### LISTED RECORDS
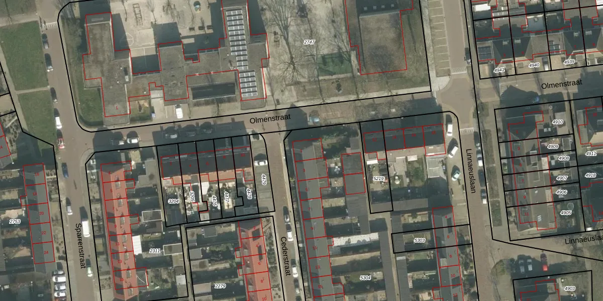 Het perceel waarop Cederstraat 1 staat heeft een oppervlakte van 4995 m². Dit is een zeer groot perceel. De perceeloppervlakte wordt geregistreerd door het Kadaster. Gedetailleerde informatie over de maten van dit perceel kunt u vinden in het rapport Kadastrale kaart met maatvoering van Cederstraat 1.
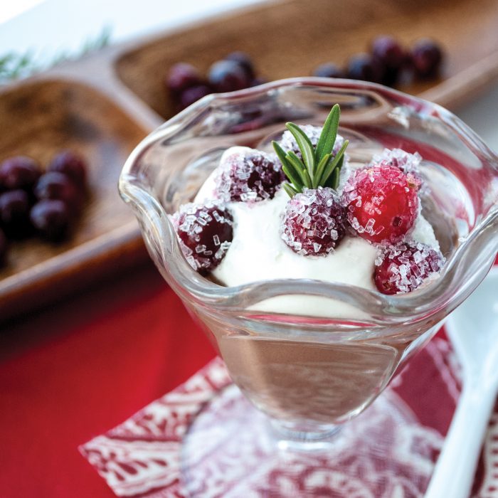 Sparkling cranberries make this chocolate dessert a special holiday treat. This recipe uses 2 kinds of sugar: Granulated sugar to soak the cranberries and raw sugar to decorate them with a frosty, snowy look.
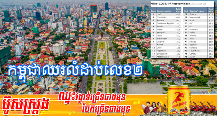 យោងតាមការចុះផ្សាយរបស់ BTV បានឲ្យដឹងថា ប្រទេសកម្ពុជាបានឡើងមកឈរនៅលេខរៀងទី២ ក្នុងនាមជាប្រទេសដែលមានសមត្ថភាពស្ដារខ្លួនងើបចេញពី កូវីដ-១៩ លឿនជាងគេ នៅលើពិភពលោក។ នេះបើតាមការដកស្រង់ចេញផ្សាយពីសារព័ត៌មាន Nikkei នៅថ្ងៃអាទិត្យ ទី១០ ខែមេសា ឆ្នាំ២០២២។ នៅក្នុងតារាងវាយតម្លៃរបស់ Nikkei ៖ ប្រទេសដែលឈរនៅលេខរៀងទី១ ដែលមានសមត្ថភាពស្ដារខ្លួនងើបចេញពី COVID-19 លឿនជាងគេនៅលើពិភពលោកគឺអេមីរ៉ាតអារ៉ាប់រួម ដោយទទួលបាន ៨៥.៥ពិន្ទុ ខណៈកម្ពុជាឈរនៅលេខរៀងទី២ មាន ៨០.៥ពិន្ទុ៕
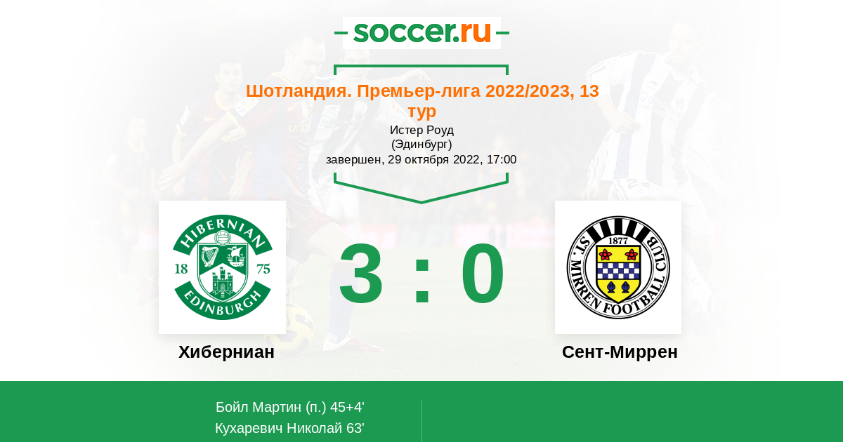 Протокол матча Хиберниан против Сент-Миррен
* * *
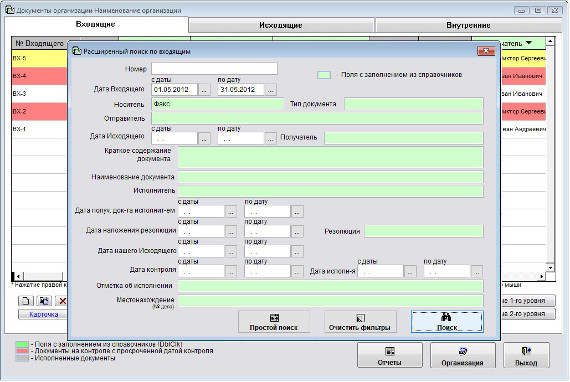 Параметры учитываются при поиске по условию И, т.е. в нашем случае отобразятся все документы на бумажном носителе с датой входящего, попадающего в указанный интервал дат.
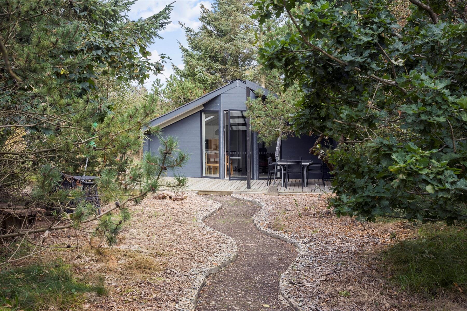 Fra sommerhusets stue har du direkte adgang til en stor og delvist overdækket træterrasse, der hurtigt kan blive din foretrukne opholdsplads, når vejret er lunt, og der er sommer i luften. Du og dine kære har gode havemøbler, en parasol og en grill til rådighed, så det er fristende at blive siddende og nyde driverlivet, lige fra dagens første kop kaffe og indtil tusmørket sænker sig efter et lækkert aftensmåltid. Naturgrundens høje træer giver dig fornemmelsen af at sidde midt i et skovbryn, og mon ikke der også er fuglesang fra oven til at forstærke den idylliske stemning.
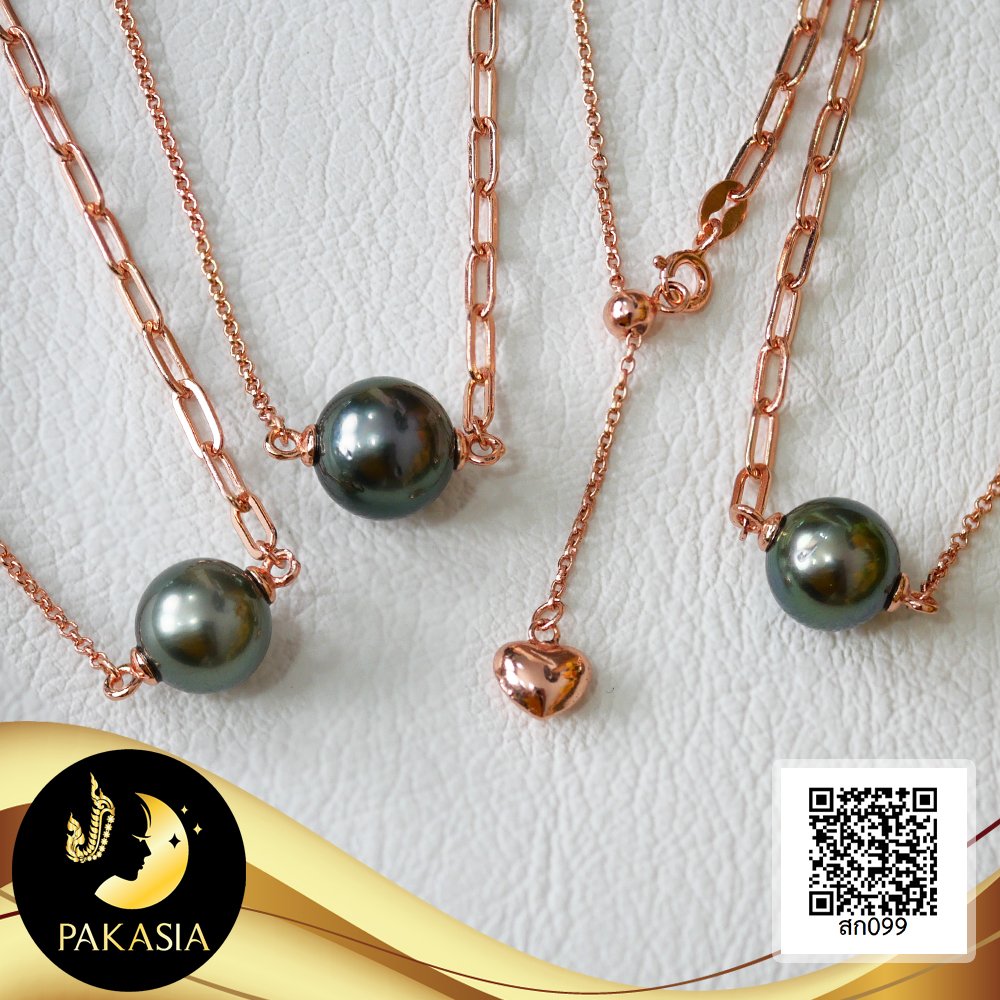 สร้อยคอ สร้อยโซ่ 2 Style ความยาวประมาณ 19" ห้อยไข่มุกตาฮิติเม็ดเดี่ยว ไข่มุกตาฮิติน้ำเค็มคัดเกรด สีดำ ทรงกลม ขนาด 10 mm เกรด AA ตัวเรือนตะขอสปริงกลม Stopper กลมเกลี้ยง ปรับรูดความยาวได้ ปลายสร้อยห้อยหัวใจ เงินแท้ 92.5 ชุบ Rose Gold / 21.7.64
---
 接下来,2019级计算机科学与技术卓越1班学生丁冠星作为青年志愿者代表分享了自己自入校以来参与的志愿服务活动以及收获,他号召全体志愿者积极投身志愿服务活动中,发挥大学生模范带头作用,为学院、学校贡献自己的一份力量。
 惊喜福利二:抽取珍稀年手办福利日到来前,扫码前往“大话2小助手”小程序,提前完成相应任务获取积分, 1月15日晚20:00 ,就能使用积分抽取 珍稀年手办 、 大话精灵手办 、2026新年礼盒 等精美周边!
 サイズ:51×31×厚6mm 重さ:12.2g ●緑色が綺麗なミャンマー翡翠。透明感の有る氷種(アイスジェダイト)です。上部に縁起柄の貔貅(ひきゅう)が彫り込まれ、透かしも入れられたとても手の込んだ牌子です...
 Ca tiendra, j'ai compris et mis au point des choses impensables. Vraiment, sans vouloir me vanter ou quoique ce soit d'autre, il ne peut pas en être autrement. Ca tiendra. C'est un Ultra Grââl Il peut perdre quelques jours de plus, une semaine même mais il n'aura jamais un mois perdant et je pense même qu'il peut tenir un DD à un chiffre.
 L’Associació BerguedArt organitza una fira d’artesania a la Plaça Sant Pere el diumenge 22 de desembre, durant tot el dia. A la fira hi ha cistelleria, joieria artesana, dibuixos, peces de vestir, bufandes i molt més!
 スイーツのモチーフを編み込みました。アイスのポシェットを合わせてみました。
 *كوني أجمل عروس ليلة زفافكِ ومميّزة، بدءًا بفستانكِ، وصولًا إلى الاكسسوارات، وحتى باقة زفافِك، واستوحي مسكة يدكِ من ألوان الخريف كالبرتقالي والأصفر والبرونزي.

### WHAT IS NEEDED
Output exactly the lines above, from the line with "Fra sommerhusets stue" to the line with "สร้อยคอ สร้อยโซ่ 2", both included; skip the pictures.

### FINAL ANSWER
 Fra sommerhusets stue har du direkte adgang til en stor og delvist overdækket træterrasse, der hurtigt kan blive din foretrukne opholdsplads, når vejret er lunt, og der er sommer i luften. Du og dine kære har gode havemøbler, en parasol og en grill til rådighed, så det er fristende at blive siddende og nyde driverlivet, lige fra dagens første kop kaffe og indtil tusmørket sænker sig efter et lækkert aftensmåltid. Naturgrundens høje træer giver dig fornemmelsen af at sidde midt i et skovbryn, og mon ikke der også er fuglesang fra oven til at forstærke den idylliske stemning.
 สร้อยคอ สร้อยโซ่ 2 Style ความยาวประมาณ 19" ห้อยไข่มุกตาฮิติเม็ดเดี่ยว ไข่มุกตาฮิติน้ำเค็มคัดเกรด สีดำ ทรงกลม ขนาด 10 mm เกรด AA ตัวเรือนตะขอสปริงกลม Stopper กลมเกลี้ยง ปรับรูดความยาวได้ ปลายสร้อยห้อยหัวใจ เงินแท้ 92.5 ชุบ Rose Gold / 21.7.64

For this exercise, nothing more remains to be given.